Why __constant prefix is unnecessary??

There are two definitions for each __constant_ macro. That is one for big endian case and one for little endian case. Now for example consider macro cpu_to_le16. In big endian cases, macro cpu_to_le16 unfolds to __swab16 which provides special case for constants. In little endian cases, __constant_cpu_to_le16 and cpu_to_le16 expand directly to the same expression. So, we can replace __constant_cpu_to_le16 with cpu_to_le16. On the contrary, for big endian byte order macros opposite happens. For example in little endian cases, macro cpu_to_be16 unfolds to __swab16 which provides special case for constants and in big endian cases, __constant_cpu_to_be16 and cpu_to_be16 expand directly to the same expression. That’s why __constant prefix is unnecessary and we can completely get rid of these macros.

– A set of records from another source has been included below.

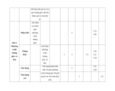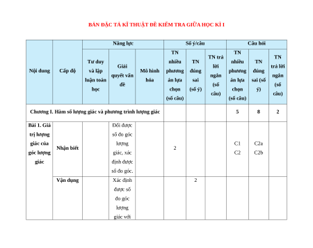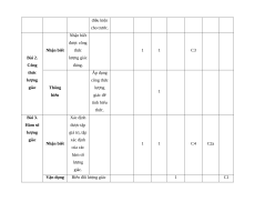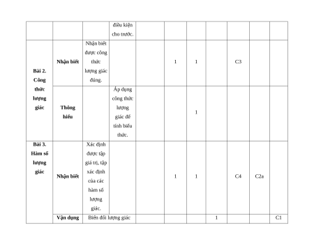 Chương I. Hàm số lượng giác và phương trình lượng giác 5 8 2 Bài 1. Giá Đổi được trị lượng số đo góc giác của lượng C1 C2a Nhận biết 2 góc lượng giác, xác C2 C2b giác định được số đo góc. Vận dụng Xác định 2 được số đo góc lượng giác với điều kiện cho trước. Nhận biết được công Nhận biết thức 1 1 C3 Bài 2. lượng giác Công đúng. thức Áp dụng lượng công thức giác Thông lượng 1 hiểu giác để tính biểu thức. Bài 3. Xác định Hàm số được tập lượng giá trị, tập giác xác định Nhận biết 1 1 C4 C2a của các hàm số lượng giác. Vận dụng Biến đổi lượng giác 1 C1
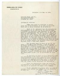 El remitente contesta carta de Magda Arce del 22 de noviembre. Lamenta que no aceptara el trabajo que le habían ofrecido en la Embajada de Chile en Washington.
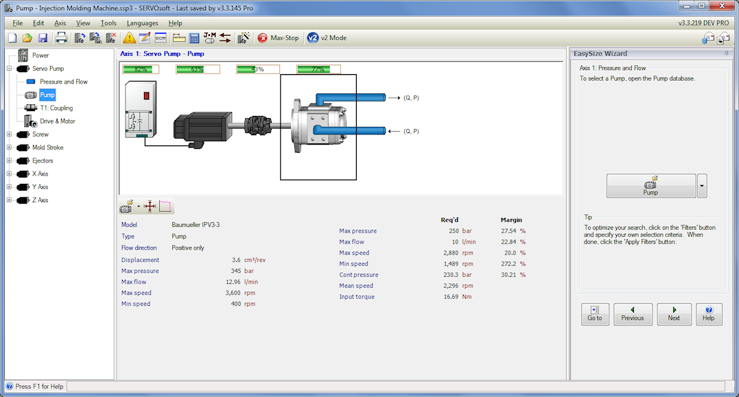 ControlEng Corporation, working in close partnership with Baumueller, is pleased to announce the release of the SERVOsoft® Servo Pump Option! The Servo Pump option allows users to size and select Servo Pumps, as well as Motor-Coupling-Pump combined products.
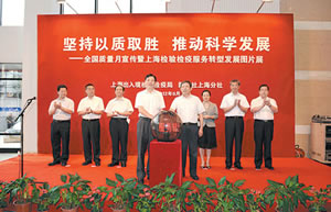 国家质检总局副局长、国家认监委主任孙大伟(前左)、上海市常务副市长杨雄(前右)共同启动上海局“质量月”大型图片展
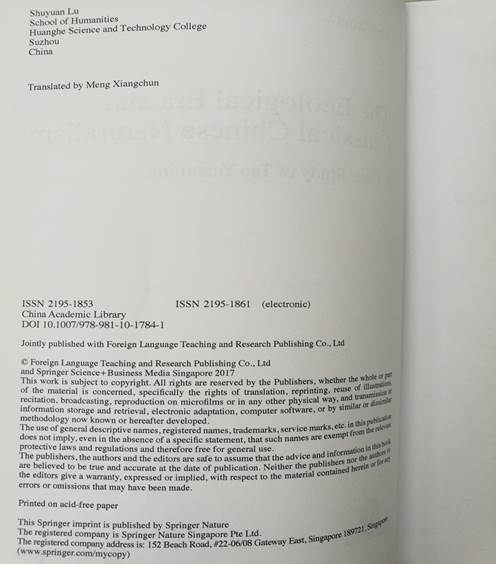 近日,外国语学院翻译系副主任孟祥春副教授英译的《生态时代与中国古典自然哲学》(The Ecological Era and Classical Chinese Naturalism)由世界著名出版社施普林格(Springer)出版集团出版并在全球发行,电子版(DOI 10.1007/978-981-10-1784-1_1)也已由Springer线上发行。
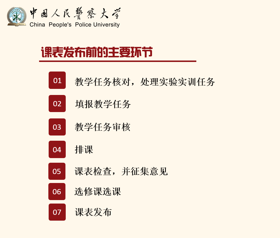 课表发布前的主要环节
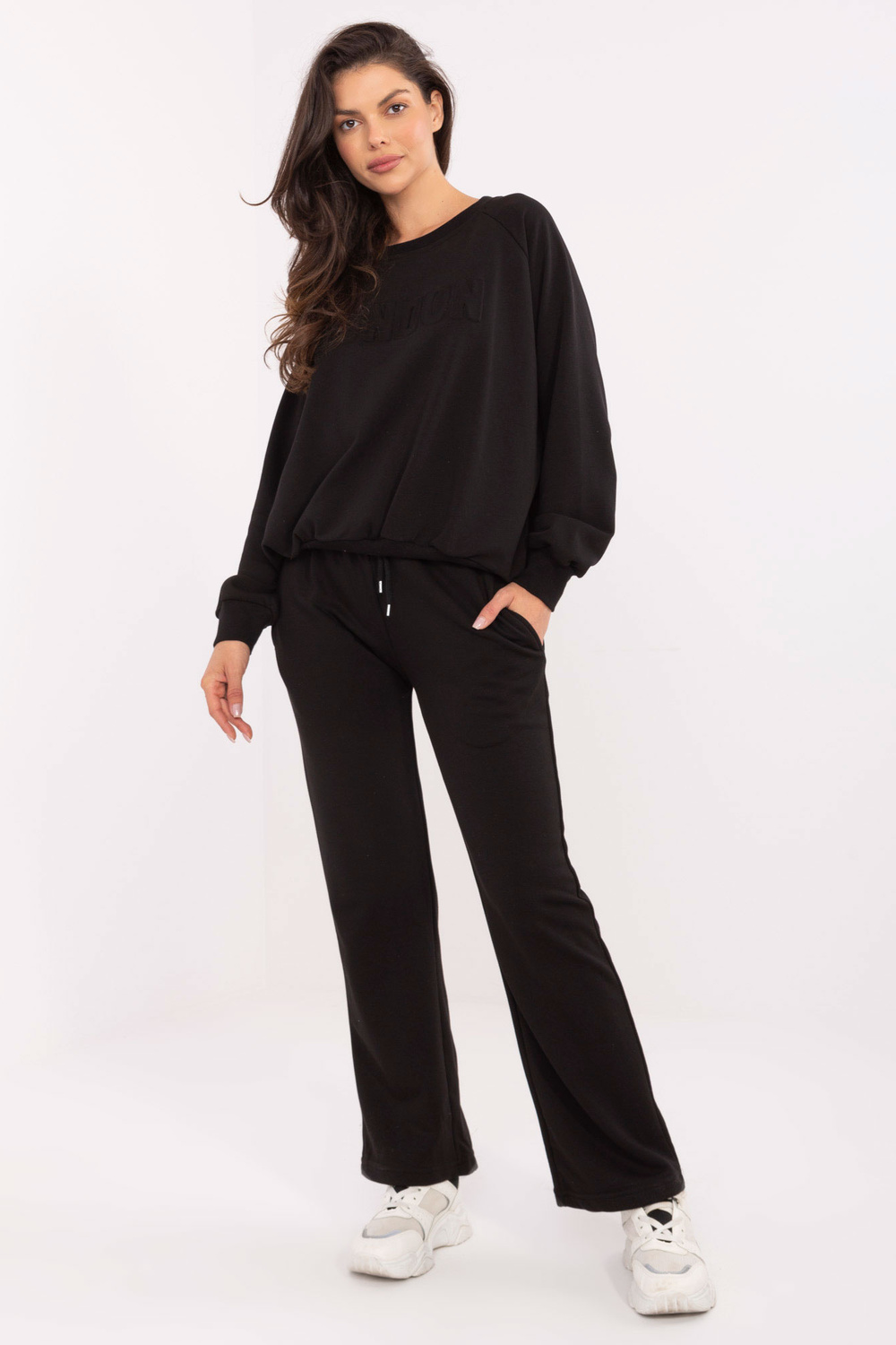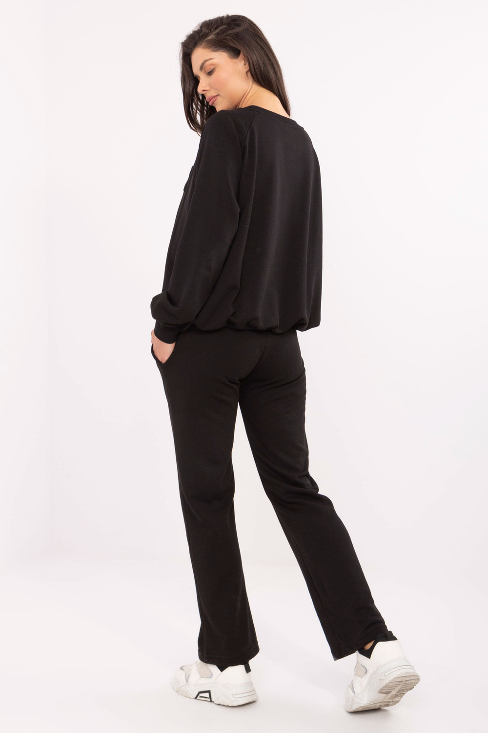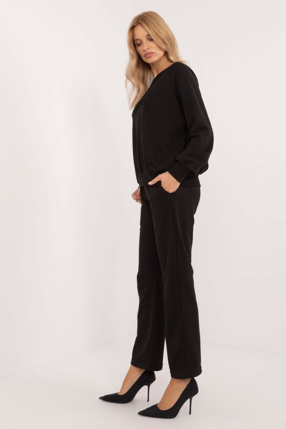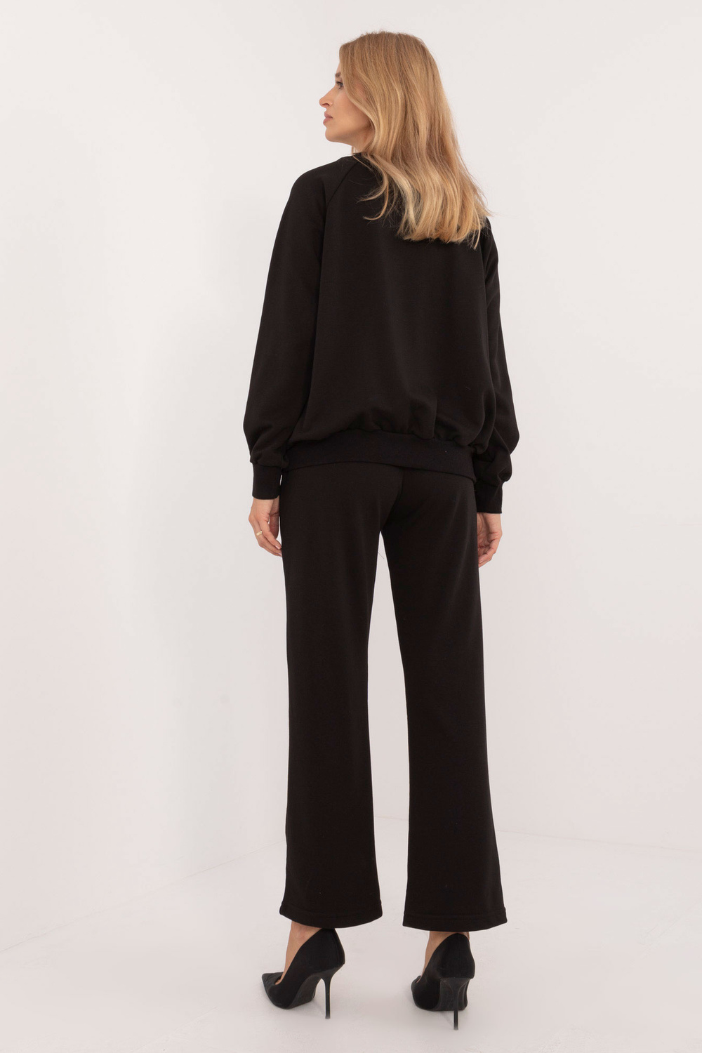 Komplekti mõõdud ühes suuruses, mõõdetuna tasaseks: dressipluusi laius kaenla alt - 68 cm, dressipluusi pikkus - 67 cm, varruka pikkus - 64 cm, pükste vöö laius - 33 cm, vöö kõrgus - 34 cm , pükste pikkus - 105 cm.
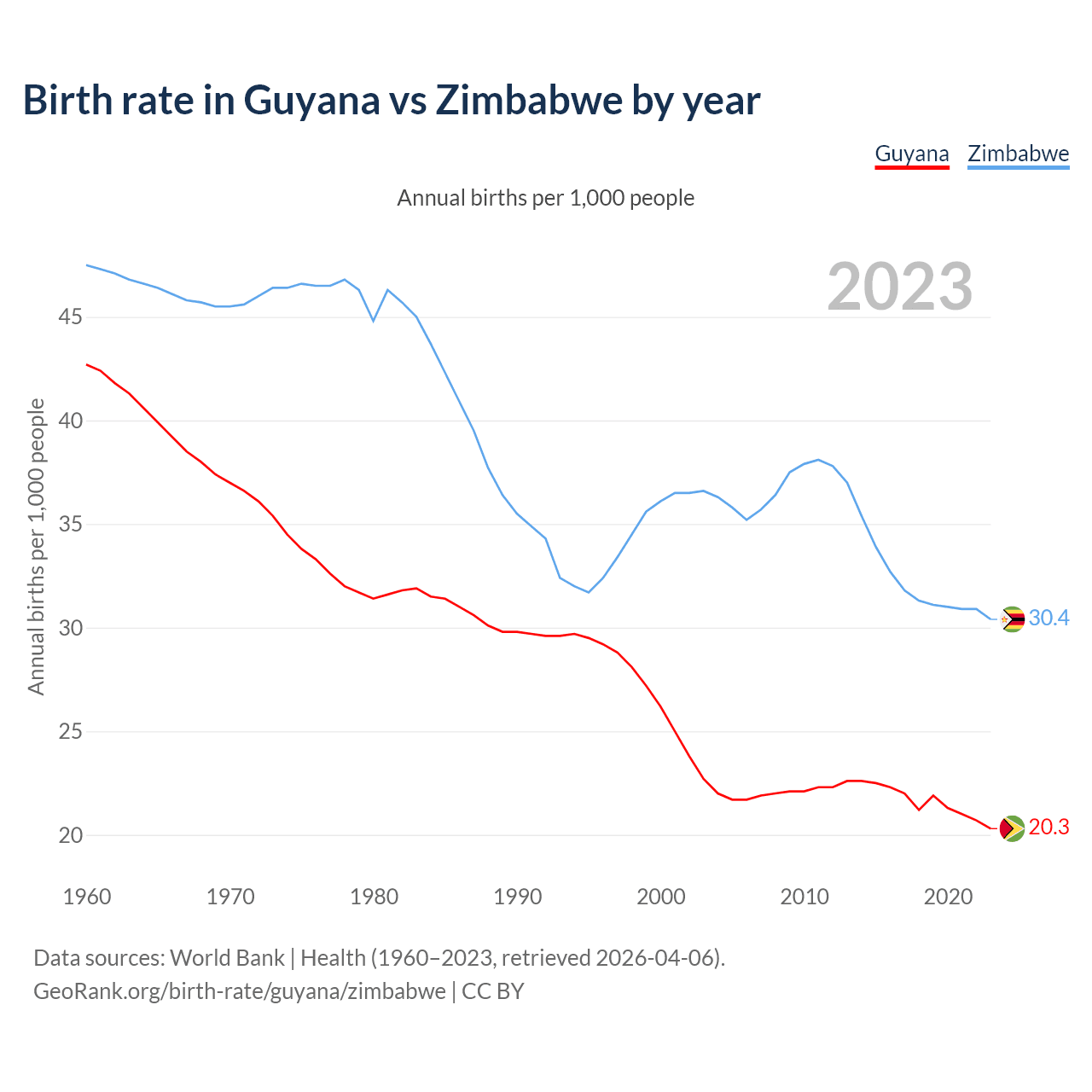 GeoRank.org/birth-rate/guyana/zimbabwe | CC BY
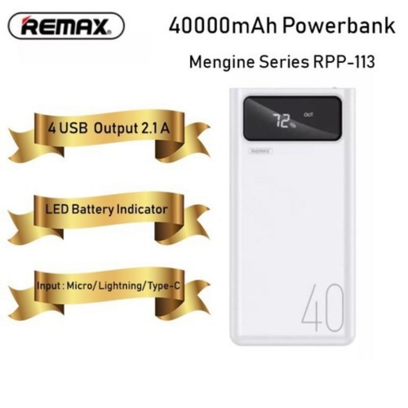 - Tên sản phẩm: Pin sạc dự phòng Remax RPP-113 40.000mAh- Hãng: Remax
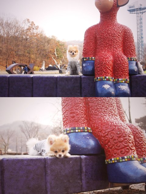 사진 찍고 바로 벗겨줬어요~~지금은 산책할 때마다 옷 입히는데 곧잘 적응해서 입고 다녀요!

How Coccinelle semantic patch can help in replacing __constant_ with ?

This is very simple case for Coccinelle to handle. One just need 1 metavariable and 1 branch for each transformation in a semantic patch. Here, is a complete semantic patch with all __constant_   macros:

@@expression x;@@

(
– __constant_htons(x)
+ htons(x)
|
– __constant_htonl(x)
+ htonl(x)
|
– __constant_ntohs(x)
+ htons(x)
|
– __constant_ntohl(x)
+ htonl(x)
|
– __constant_cpu_to_le64(x)
+ cpu_to_le64(x)
|
– __constant_le64_to_cpu(x)
+ le64_to_cpu(x)
|
– __constant_cpu_to_le32(x)
+ cpu_to_le32(x)
|
– __constant_le32_to_cpu(x)
+ le32_to_cpu(x)
|
– __constant_cpu_to_le16(x)
+ cpu_to_le16(x)
|
– __constant_le16_to_cpu(x)
+ le16_to_cpu(x)
|
– __constant_cpu_to_be64(x)
+ cpu_to_be64(x)
|
– __constant_be64_to_cpu(x)
+ be64_to_cpu(x)
|
– __constant_cpu_to_be32(x)
+ cpu_to_be32(x)
|
– __constant_be32_to_cpu(x)
+ be32_to_cpu(x)
|
– __constant_cpu_to_be16(x)
+ cpu_to_be16(x)
|
– __constant_be16_to_cpu(x)
+ be16_to_cpu(x)
)

Does all files compiles after this change?

Yes. They do. Only problem was with s390 directory. Although errors which we get while compiling s390 files has nothing to do with this change. But those errors are in included header files and when header files have errors gcc eventually stops from there. So, to be sure that this change is correct, I checked each s390 file with cross compiler.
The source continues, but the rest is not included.